KNOWLEDGE ADVANCEMENT:
Our study advances knowledge by demonstrating the clinical utility of an AI model in improving radiologists’ accuracy in detecting intracranial steno-occlusive lesions. This suggests that AI can be a valuable support tool, especially for less experienced readers, potentially increasing diagnostic performance and contributing to better patient outcomes.
Acute ischemic stroke is the second leading cause of death and a major cause of disability worldwide.1,2 One of the primary underlying factors responsible for ischemic stroke is intracranial steno-occlusive lesions.3⇓-5 Thus, the prompt and precise identification of steno-occlusive lesions is of paramount importance in diagnosing patients with ischemic stroke and in selecting appropriate therapeutic strategies.6,7
TOF-MRA is a commonly used noninvasive imaging technique for evaluating intracranial arteries.6 However, accurate detection and the precise localization of steno-occlusive lesions present a challenge because of the intricate shapes of intracranial arteries. Meticulous evaluation requires considerable time and effort, which leads to an increased workload and the subsequent risk of detection failure.
Methods of using deep-learning algorithms have emerged to detect steno-occlusive lesions automatically in intracranial arteries.6,8⇓-10 Previous approaches have utilized semi- or fully automated labeling and techniques such as straightened MPR images, along with extracting blood vessels in advance of measuring the width, aiming to detect stenoses. Despite advancements, the detection of steno-occlusive lesions in intracranial arteries remains challenging due to the time-consuming nature of extracting multiple arteries with MPR, loss of vascular bifurcation, and inability to measure the width of occluded lesions even with pre-extracted blood vessels. Our novel approach leverages multitask learning to segment blood vessels and detect lesions simultaneously, without the need for extensive image reconstruction or patch-based analysis.10 This method aids in enhancing lesion detection efficiency by integrating classification and localization modules, thus offering a comprehensive solution to the limitations identified in prior studies.

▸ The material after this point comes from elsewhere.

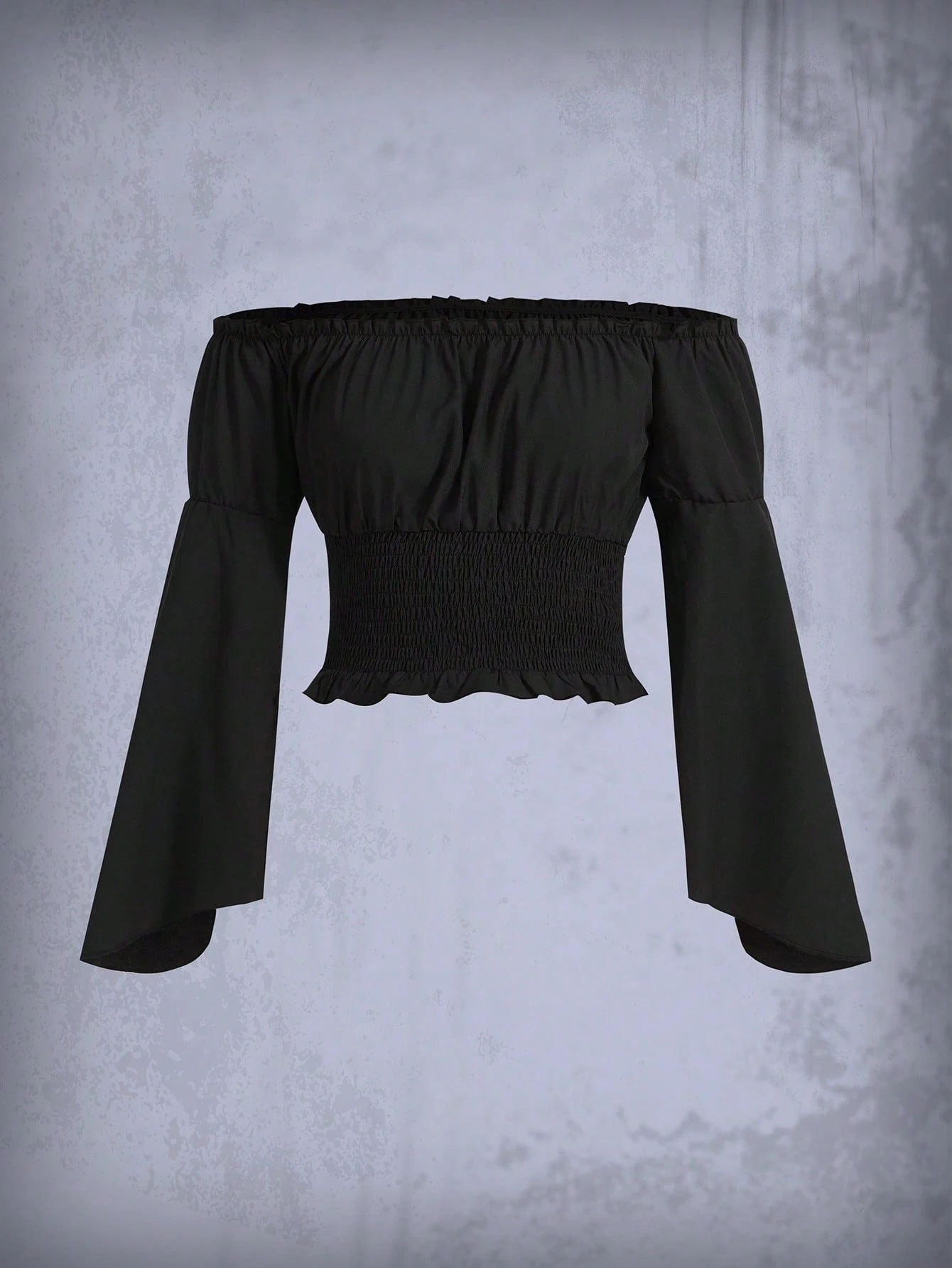 Goth Einfarbige schulterfreie Bluse mit Glockenärmeln

However, the clinical benefits of such artificial intelligence (AI) methods have not yet been evaluated sufficiently.
Therefore, we aimed to investigate the potential benefits and limitations of an AI-based model to aid radiologists in detecting steno-occlusive lesions. Specifically, we assessed the model’s lesion detection accuracy and its impact on interpretation time compared with those of conventional methods.
MATERIALS AND METHODS
This multicenter retrospective study was approved by the institutional review boards of the Seoul National University Bundang Hospital (SNUBH) and Seoul St. Mary’s Hospital (SSMH), both of which waived the requirement for informed consent (No.: B-2204-753-106 and KC20RIDI0197, respectively).
Study Cohort
Sixty-two individuals were collected from the SNUBH database between October 2014 and August 2019 as an internal test set, including 30 with intracranial stenosis or occlusion (stenosis group) and 32 without steno-occlusive lesions (healthy group). The inclusion criteria for the stenosis group were as follows: 1) age >18 years, 2) TOF-MRA and DSA performance within a 1-month interval, and 3) moderate or severe degree stenosis according to the DSA report (>50% stenosis by using the Warfarin Versus Aspirin for Symptomatic Intracranial Disease method as follows: % stenosis = (1−[Dstenosis/Dnormal]) × 100). The inclusion criteria for the healthy group were as follows: 1) age >18 years, 2) TOF-MRA performance, and 3) normal MRA findings according to the radiologic report.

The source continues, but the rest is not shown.